On late December 2017, in the midst of the political crisis propelled by first impeachment process against Pedro Pablo Kuczynski, he submitted his resignation to president Kuczynski, who at first did not accept. After the failure of the impeachment process, his resignation was accepted. Before leaving the ministry, Basombrío presented his tenure's achievements (26 December 2017). He again highlighted the rewards program Que Ellos Te Cuiden, which until that time included 2553 requisitioned and 774 of them captured. He also pointed out that the National Superintendency of Control of Security Services, Weapons, Ammunition and Explosives for Civil Use (SUCAMEC) had managed to sweep about two thousand illegal weapons throughout the country. Likewise, he mentioned the construction of the modern Police Hospital, which would be ready by August 2018. He was replaced by retired Police General Vicente Romero Fernández, who had been the Director General of the Police under his ministerial tenure.

==Published works==
Basombrío's is the author of several books and essays on human rights, democracy, militarism, civil-military relations, citizen security, among other topics:

- Crime and citizen insecurity. Lima and other cities in Peru compared to Latin America (Instituto de Defensa Legal, Lima, 2007)

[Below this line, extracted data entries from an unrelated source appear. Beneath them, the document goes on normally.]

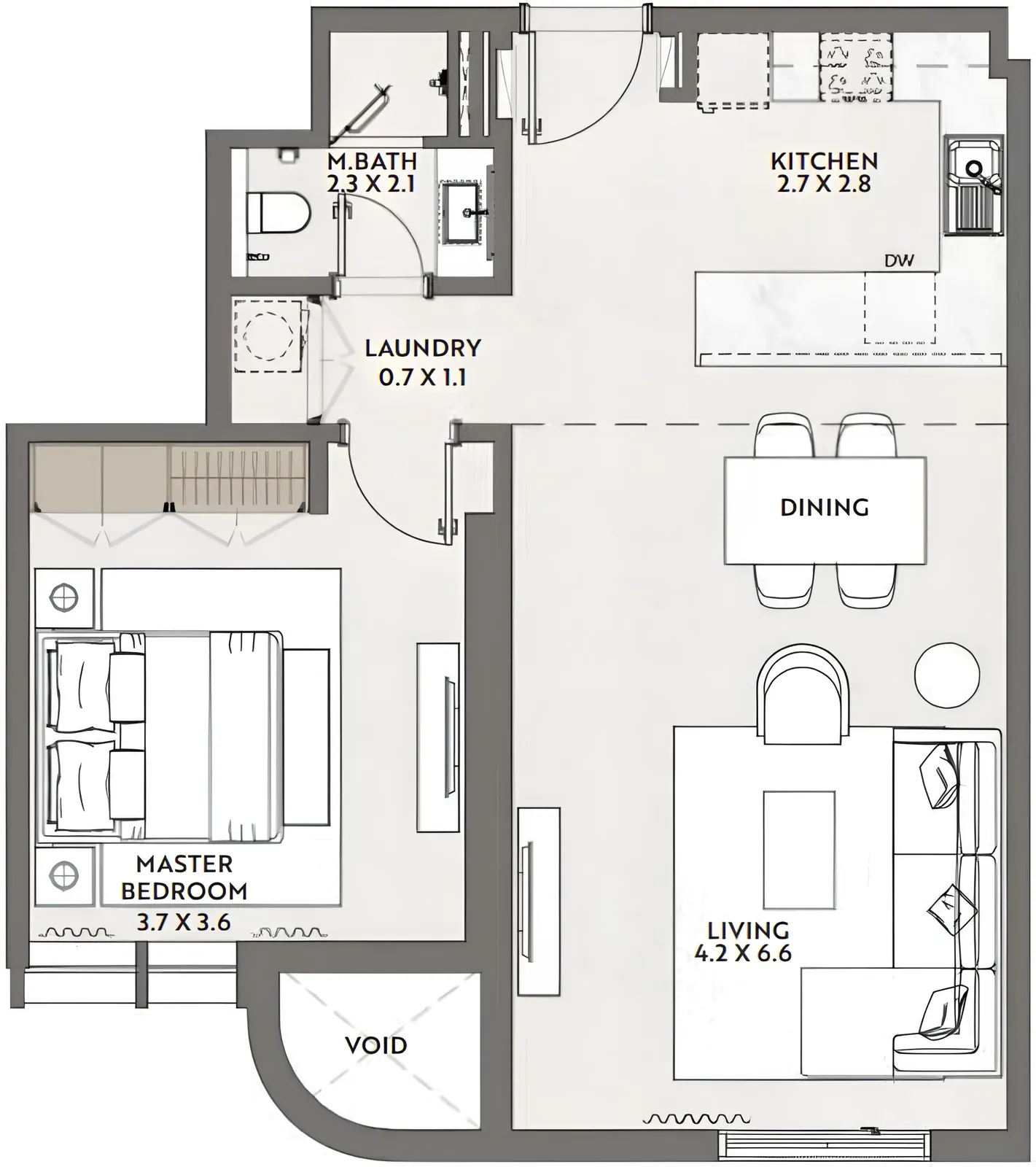 Taraf Cello's properties for sale include a diverse range of urban residences, spanning from open studios with intelligent layouts to spacious 1, 2, and 3-bedroom apartments, along with luxurious 4-bedroom penthouses.
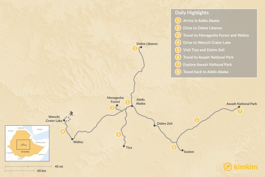 Map of Short Trips In and Around Addis Ababa – 8 Days
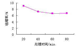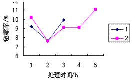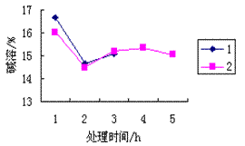 | 圖11 蛋白酶處理時間對氈縮的影響 |
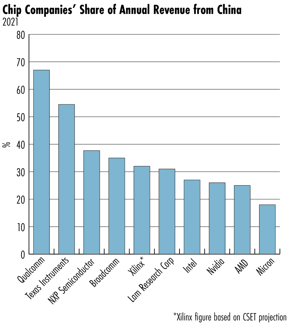 Chipmakers are among the most dependent on China for their sales among U.S. multinationals that disclose their regional revenue breakdowns.
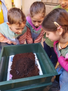 Amb el suport de la Laura d’Arrels i brots, els alumnes del taller d’hort de 1er i 2n poden donar de menjar restes orgàniques de la cuina de l’escola als cucs i els hauran de cuidar donant-los la temperatura i humitat adequada.
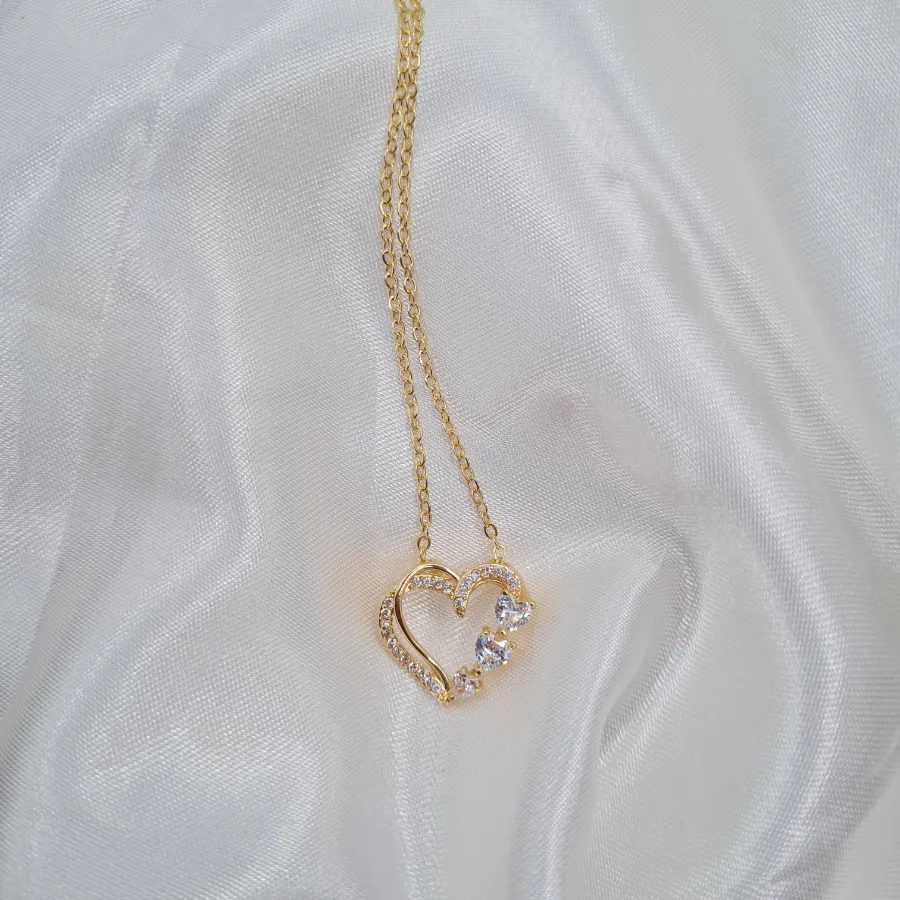 Ένα ρομαντικό, λαμπερό κολιέ–καρδιά που μοιάζει με μικρή ιστορία αγάπης φορεμένη στο λαιμό. Η χρυσή καρδιά αγκαλιάζει διαγώνια τρία έντονα, λευκά κρυσταλλάκια που θυμίζουν μικρές σταγόνες φωτός και δίνουν στο κόσμημα κίνηση και extra sparkle χωρίς να το βαραίνουν.
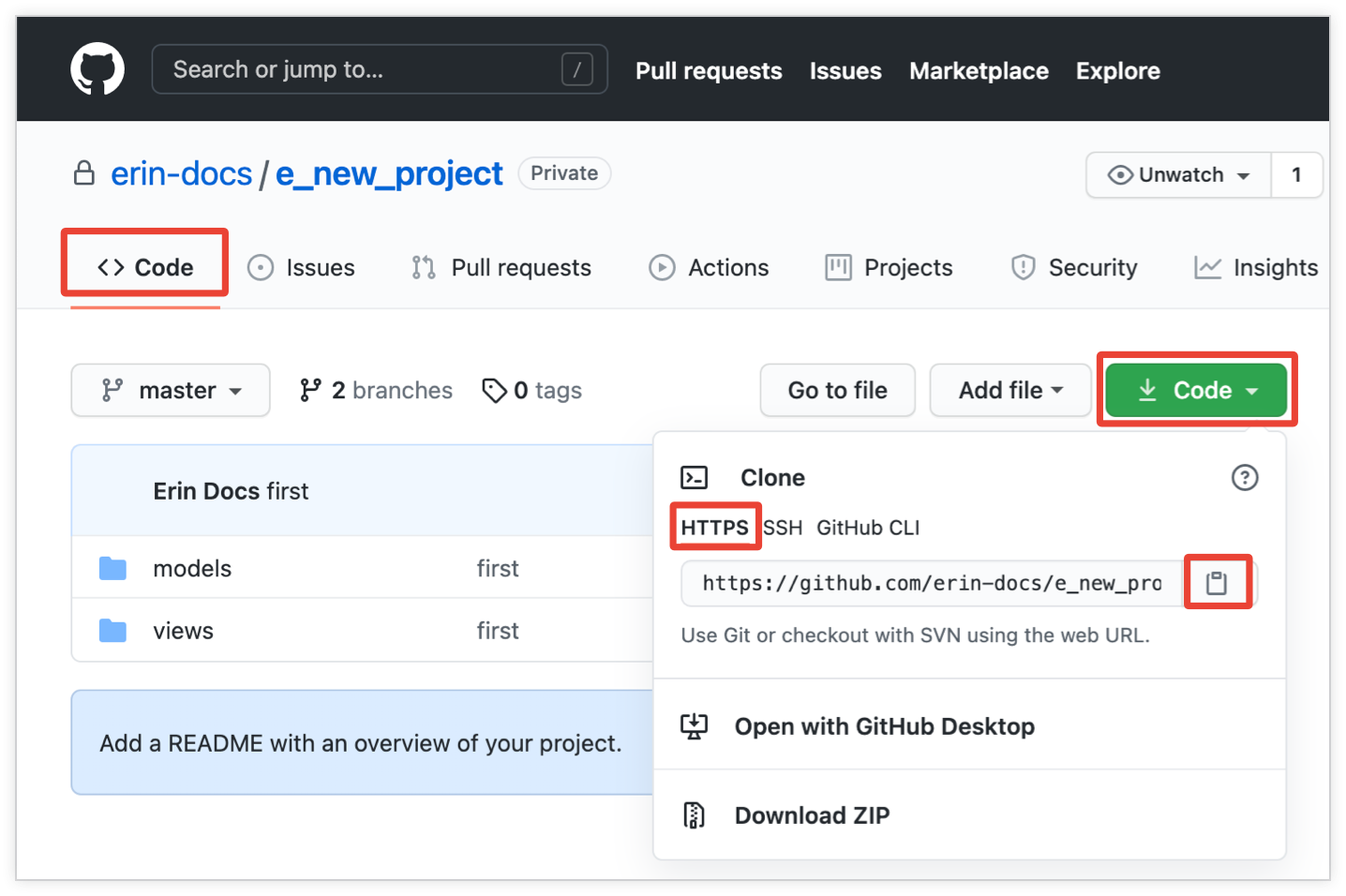 Pour les dépôts GitHub existants (ceux qui contiennent déjà des fichiers), vous pouvez afficher l'URL HTTPS en accédant à l'onglet Code du dépôt et en sélectionnant le bouton Code. Veillez à sélectionner le lien HTTPS. Vous pouvez sélectionner l'icône Copier l'URL dans le presse-papiers pour copier l'URL HTTPS dans le presse-papiers.
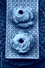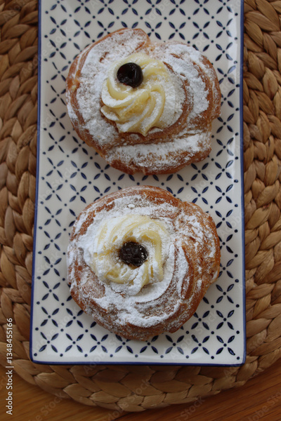 Two Italian fried Zeppole on a ceramic blue and white tray for St. Joseph (Father’s day)
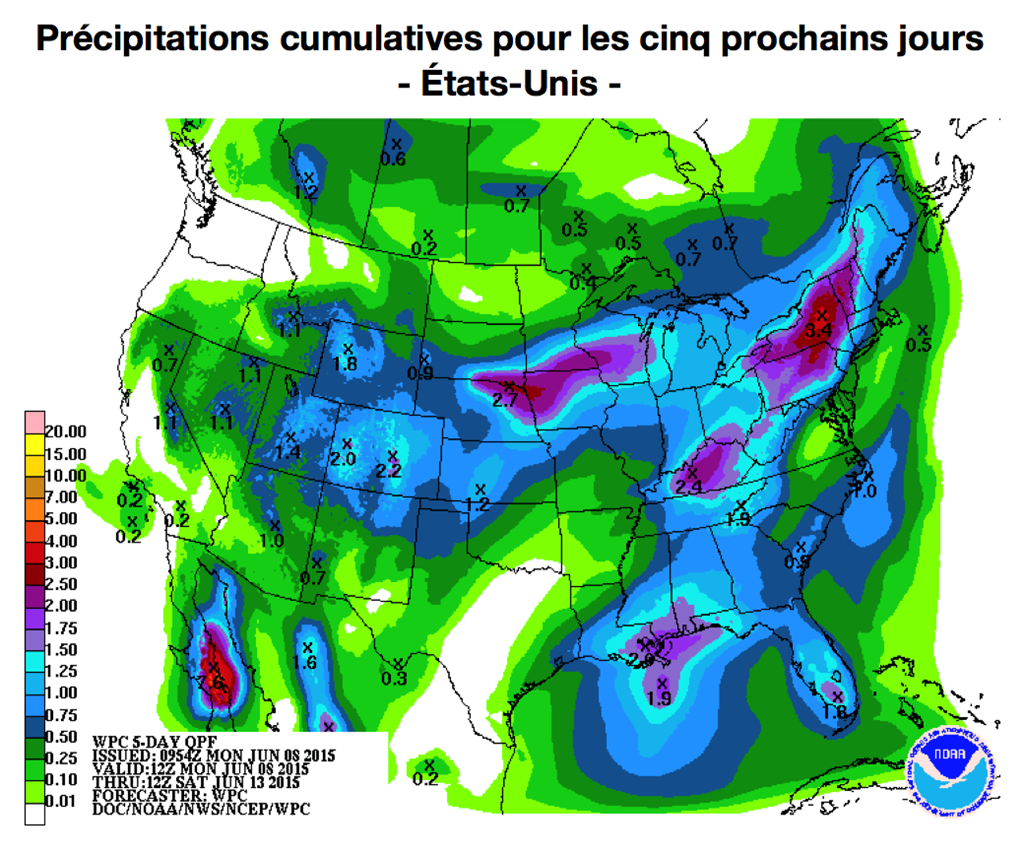 Les cultures de blé d’hiver ne sont pas en reste non plus. En effet, les conditions des cultures ont affiché un premier recul hebdomadaire de 1% dans la catégorie « bonne à excellente » qui passe à 43% dans la catégorie « bonne à excellente ». Avec les averses abondantes qui ont persisté la semaine dernière dans certaines régions du sud des Plaines amérianes, les récoltes de blé d’hiver affichent aussi un retard notable de 8% par rapport à la moyenne, en s’établissant à seulement 4%.

- Security and its institutions in Peru at the beginning of the XXI century. Democratic reforms or neo-militarism (Institute of Peruvian Studies, Lima, 2006), in co-authorship with Fernando Rospigliosi.
- The military and politics in the Andean Region (Interamerican Dialogue, Washington D.C, 2006)
- Citizen security. Diagnosis of the problem and solution strategies (Peruvian Institute of Social Market Economy and Konrad Adenauer Foundation, Lima, 2005)
- Civil society activists and intellectuals in the public service in Latin America (Institute of Peruvian Studies, Lima, 2005)
- Perceptions and victimization, society's response and State action. Evolution of public opinion trends in Metropolitan Lima 2001–2005 (Institute of Legal Defense, Lima, 2005)
- Civil leadership in the Ministry of the Interior. Evidence of an experience of police reform and democratic security management in Peru (Institute of Peruvian Studies, Lima, 2004), in co-authorship with Gino Costa.